ReplyDeletePerhaps one ought to pick on "greeting card poetry" rather than Hallmark per se, as Hallmark has published some pretty good stuff, too, especially in the design and illustration areas. Graphic design geek that I am, I notice these things.
In the scenario of one of the poetically-uninitiated being deeply moved by a greeting card poem that might lead a more exerienced poet to wince, I applaud the deep feeling and genuine experience of the moment. I cannot however applaud the lowest-common-denominator urge that resists the possibility that that same person COULD have had an equally moving moment from an even-slightly-better-written poem. I just don't think that even the greeting card industry should be excused from improving the quality of their poetic product; jsut because it's a throwaway bit of fluff doesn't mean they should be excused for not writing to a higher standard. That opinion is shared by none other than Stan Freberg, who made quite a mark on advertising in his day, and who still has opinions about quality.
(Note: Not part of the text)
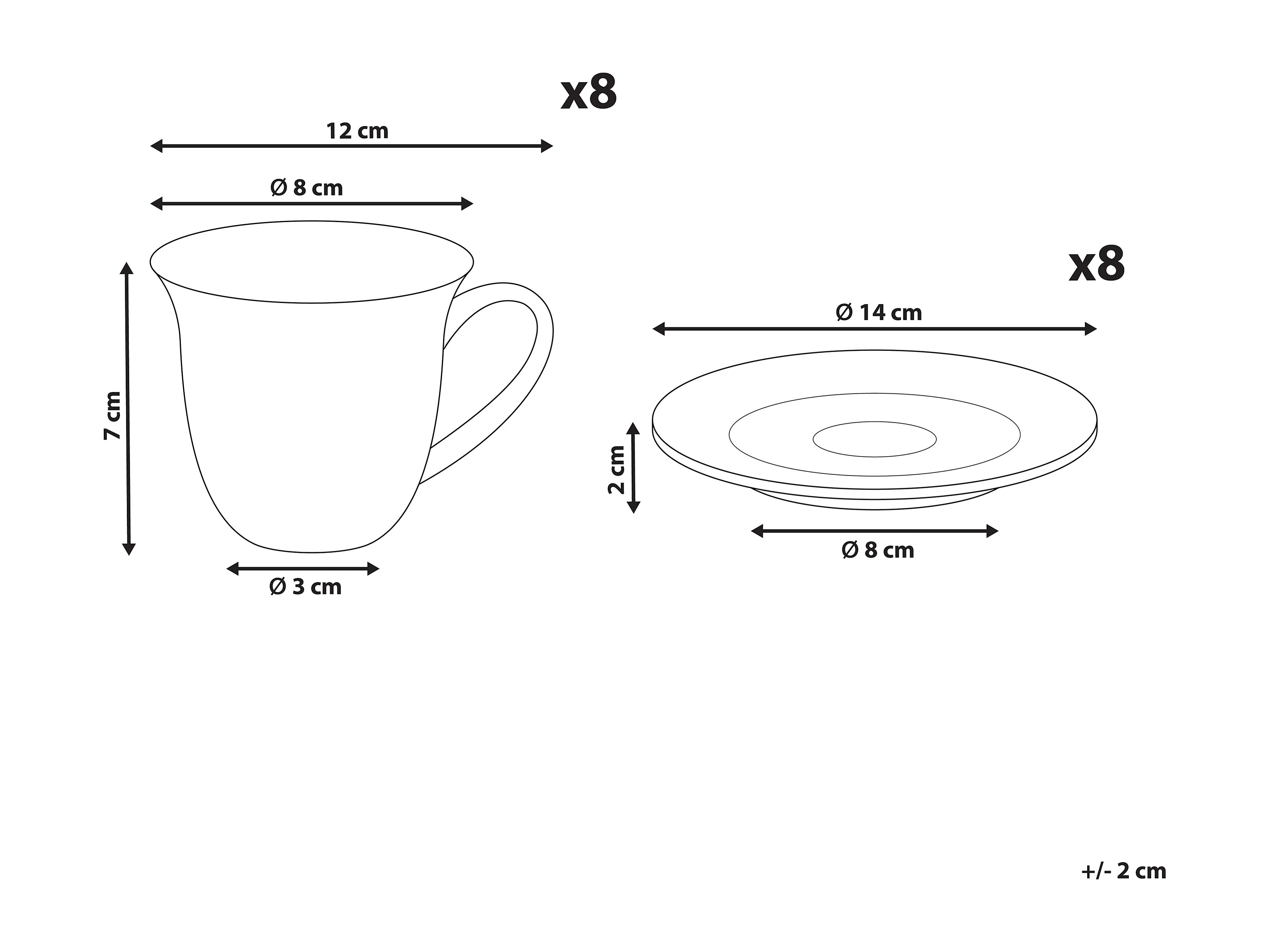 Lot de 8 tasses avec soucoupes ELDERBERRY Porcelaine Blanc

Then again, the annals of the history of poetry are filled with lots mediocre writing about cheap sentimentality, so I do agree that picking on greeting cards per se may not be fair, when there are so many equivalent examples published both online and in otherwise-reputable print journals. Nor did the desktop publishing revolution lead to a vast amount of great literature being suddenly available; rather, the full impact of Sturgeon's Law became obvious to even the uninitiated.
I guess my bottom line on it is, write to the highest level possible, and even when picking out a greeting card to give to someone (or in these days of DTP, when you make one yourself), don't settle for third-rate.
I like you way you described the other issue as "internecine quarrels" between various "schools" of poetry. That's a really good way to put it. I completely agree that such warfare is a waste of energy. The best way to avoid it, in my opinion, is to not engage in it, even just ignore it.